■ **Problem to work on**:
Would you print out all of the data exactly and keep the pictures out of it?

■ **Data**:
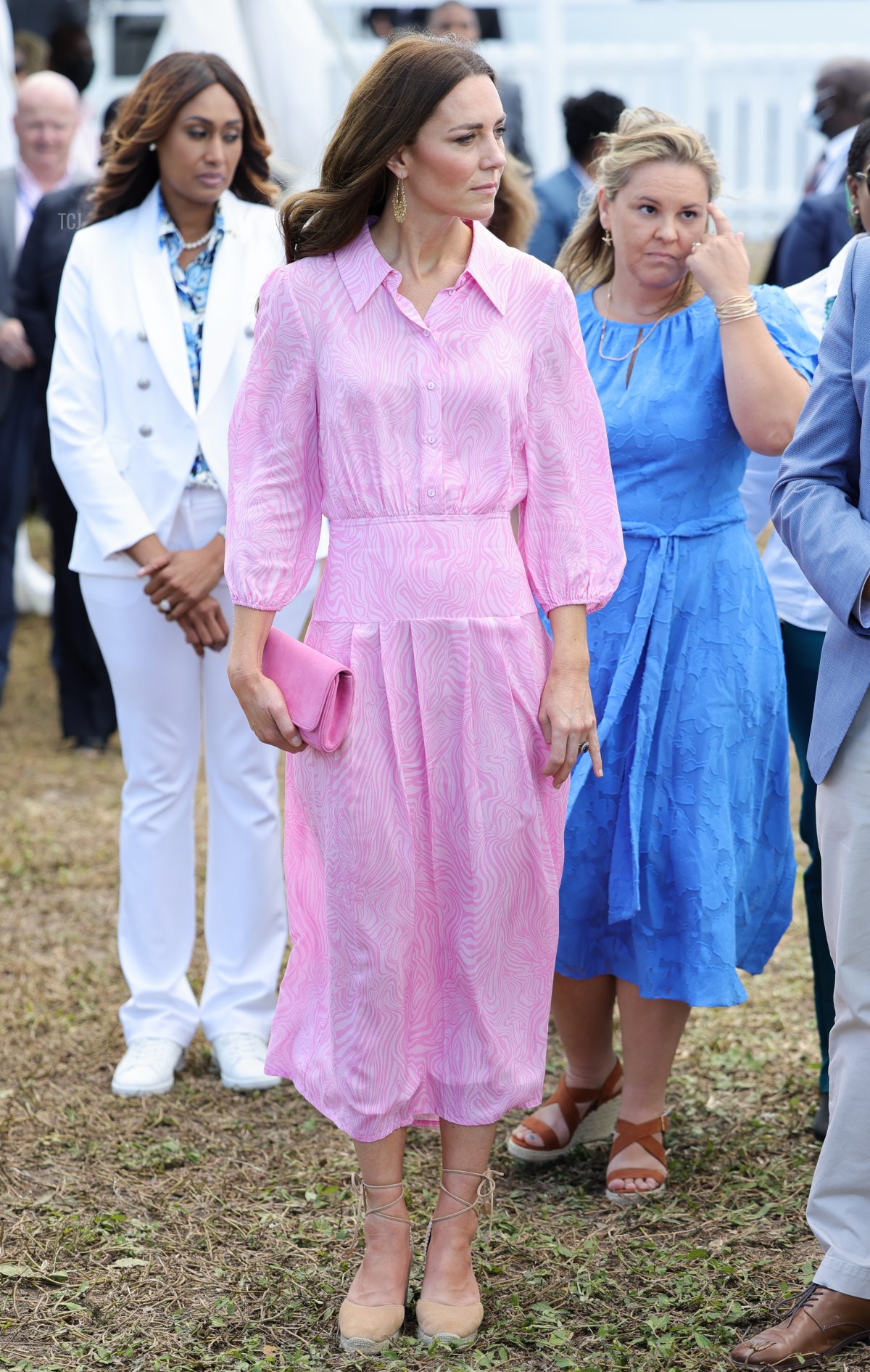 For the visit to Great Abaco, Kate wore a pink dress from Rixo.
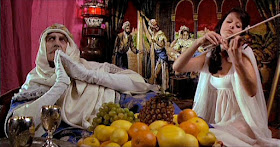 Horror film cognoscenti generally regard Theatre of Blood as the superior picture to The Abominable Dr. Phibes, and it's hard to disagree. Certainly it's near the top of Price's canon and gives him a role that frees him from the make-up restrictions required to play Phibes. Elizabeth and I watched it last night, and for my money The Abominable Dr. Phibes is more fun while Theatre of Blood makes a better bookend to it than does Rises Again.
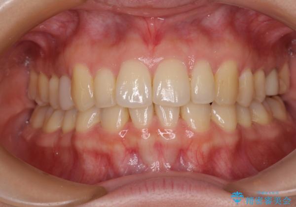 下顎前歯2本が先天欠損しており、上顎歯列に対して、下顎歯列がアンバランスに小さい状況でした。
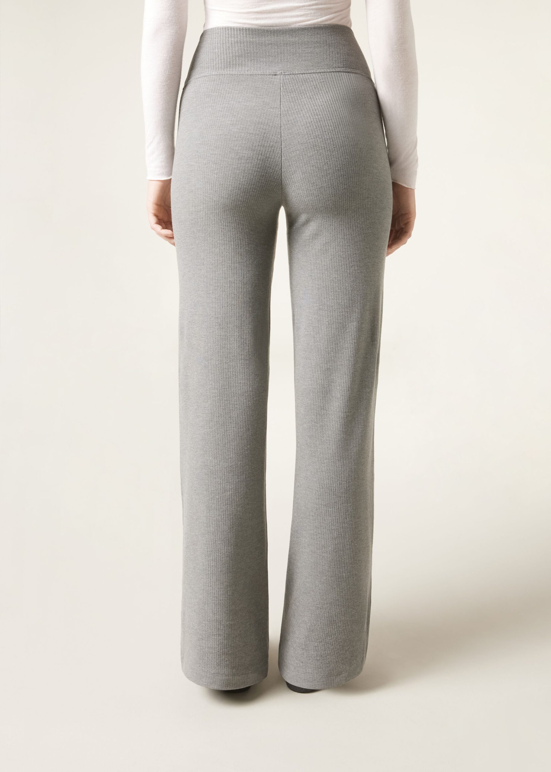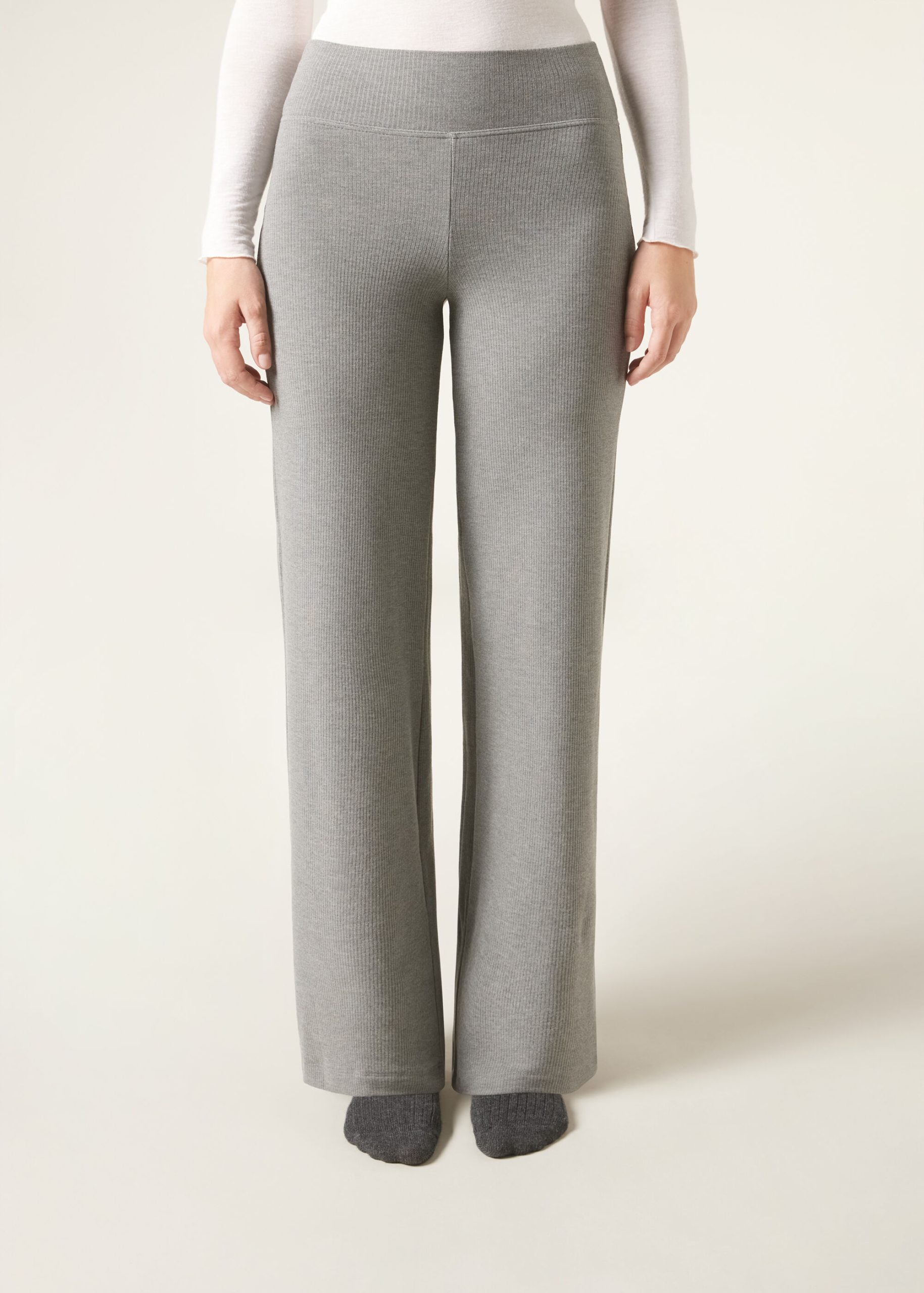 Women’s ribbed cashmere blend modal palazzo pants featuring a comfortable, elastic-free high waist. The fabric is opaque, soft, and breathable, with a brushed interior for a warm and comfortable effect, perfect to combine style and comfort on the coldest days.

■ **Task result**:
 For the visit to Great Abaco, Kate wore a pink dress from Rixo.
 Horror film cognoscenti generally regard Theatre of Blood as the superior picture to The Abominable Dr. Phibes, and it's hard to disagree. Certainly it's near the top of Price's canon and gives him a role that frees him from the make-up restrictions required to play Phibes. Elizabeth and I watched it last night, and for my money The Abominable Dr. Phibes is more fun while Theatre of Blood makes a better bookend to it than does Rises Again.
 下顎前歯2本が先天欠損しており、上顎歯列に対して、下顎歯列がアンバランスに小さい状況でした。
 Women’s ribbed cashmere blend modal palazzo pants featuring a comfortable, elastic-free high waist. The fabric is opaque, soft, and breathable, with a brushed interior for a warm and comfortable effect, perfect to combine style and comfort on the coldest days.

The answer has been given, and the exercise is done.